[experimental] Data append mode

Starting from version 1.58, Synthesized TDK supports not only provisioning data into an empty database, but also appending data to an existing database.

This feature is experimental and is subject to change in the future as more feedback is gathered and more cases are covered.

Limitations

Smart data append is only supported for the GENERATION mode. If a table is being transformed in the MASKING mode, the resulting data will be appended to the existing output data without any reconciliation.

Configuration

The append mode is only in effect for operations modes that do not purge the output database before the transformation but at the same time allow the execution to proceed:

  • schema_create_mode: CREATE_IF_NOT_EXISTS or schema_create_mode: DO_NOT_CREATE

  • table_truncation_mode: IGNORE

The append mode does not require any additional configuration. It automatically kicks in when the above condition is met.

The behaviour with regard to the data in the parent table is controlled by the parent_data_mode configuration option. The following values are supported:

  • OLD - only the data that existed in the parent table before the transformation is used to create the output data in the child table.

  • NEW - only the data that was created by the transformation is used to create the output data in the child table.

  • ALL (default) - both pre-existing and newly created data are used to create the output data in the child table.

The parent_data_mode setting only has effect in combination with the GENERATION transformation mode.
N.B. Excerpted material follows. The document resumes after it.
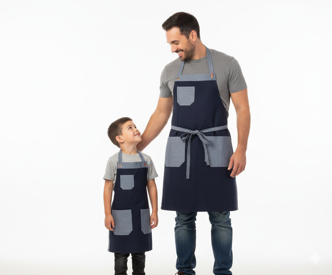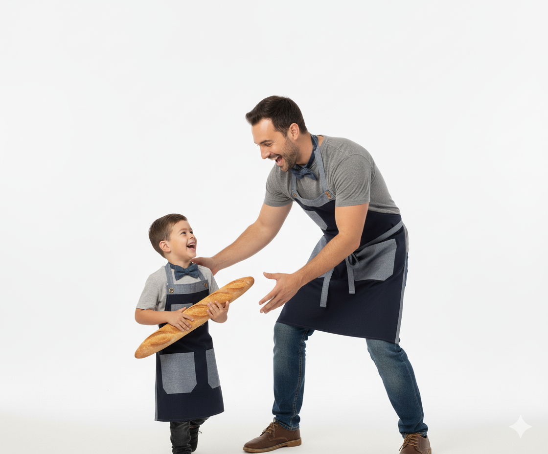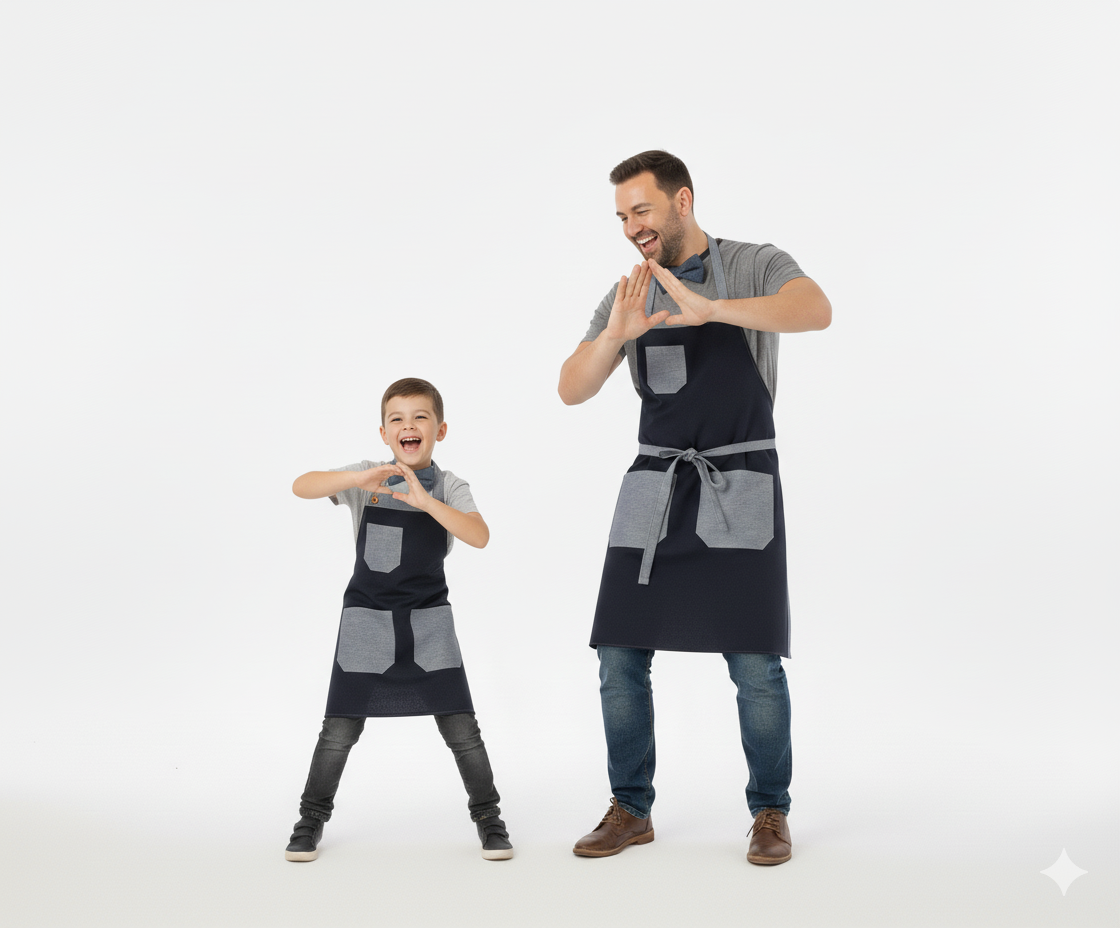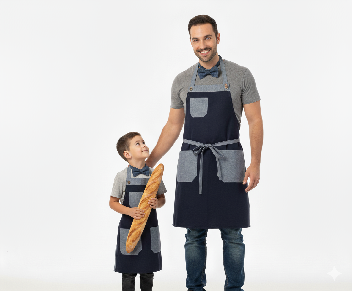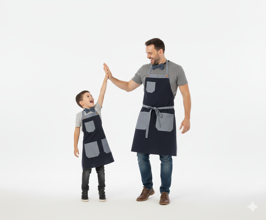 Dvi derančios prijuostės tėveliui ir sūneliui - jo mažajam pagalbininkui. Prijuosčių komplektą papildo dvi mielos džinsinės peteliškės.

In other modes, it is ignored.

To get hold of how the parent_data_mode options differ, consider the example of two tables linked with a foreign key.
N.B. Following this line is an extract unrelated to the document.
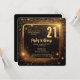 Dramatic black and faux gold tone sparkles and stars glitzy "21" 21st birthday party design.

CREATE TABLE public.customer (
    id SERIAL PRIMARY KEY,
    name VARCHAR(255) NOT NULL
);

CREATE TABLE public.transaction (
    id SERIAL PRIMARY KEY,
    customer_id INTEGER NOT NULL,
    amount INTEGER NOT NULL,
    date DATE NOT NULL,
    FOREIGN KEY (customer_id) REFERENCES public.customer(id)
);

Let’s say we have the following data in the customer table:

id name address_id

1

Alice

11

2

Bob

22

And the following data in the address table:

id street

11

Elm Street

22

Maple Street

Now, let’s run a transformation with the following configuration:

  - table_name_with_schema: "public.customer"
    transformations:
      - columns: [ address_id ]
        params:
          type: foreign_key_generator
          parent_data_mode: ALL
          distribution: ROUND_ROBIN

This may result in the following data in the address table, with the new data highlighted in bold and color:

id street

11

Elm Street

22

Maple Street

33

Oak Street

The customer table will have address_id drawn from both pre-existing and newly created data:

id name address_id

1

Alice

11

2

Bob

22

3

Charlie

33

4

David

11

The same setup, but with the parent_data_mode set to OLD, would result in the following data in the following customer table: The same setup, but with the parent_data_mode set to OLD, would result in the following data in the following customer table:

id name address_id

1

Alice

11

2

Bob

22

3

Charlie

11

4

David

22

Note that the address_id for the new data is taken from the pre-existing data in the address table for Charlie and David.

If we replace the parent_data_mode with NEW, the customer table will have the data like shown below:

id name address_id

1

Alice

11

2

Bob

22

3

Charlie

33

4

David

33

Now, both Charlie and David have the address_id taken from the newly created data in the address table.

The OLD data mode can only work if the parent table is not empty. Otherwise, there would be no data to draw from. If the parent table is empty, an error will be thrown during the configuration validation phase.

Note that the parent_data_mode is a transformer-level setting, so if a table has multiple. Not all combinations of parent_data_mode are supported in the current version.

Current TDK release might not support some combinations of parent_data_mode for complex schemas. In such cases, an error will be thrown during the transformation planning phase. As the feature evolves, more corner cases will be covered.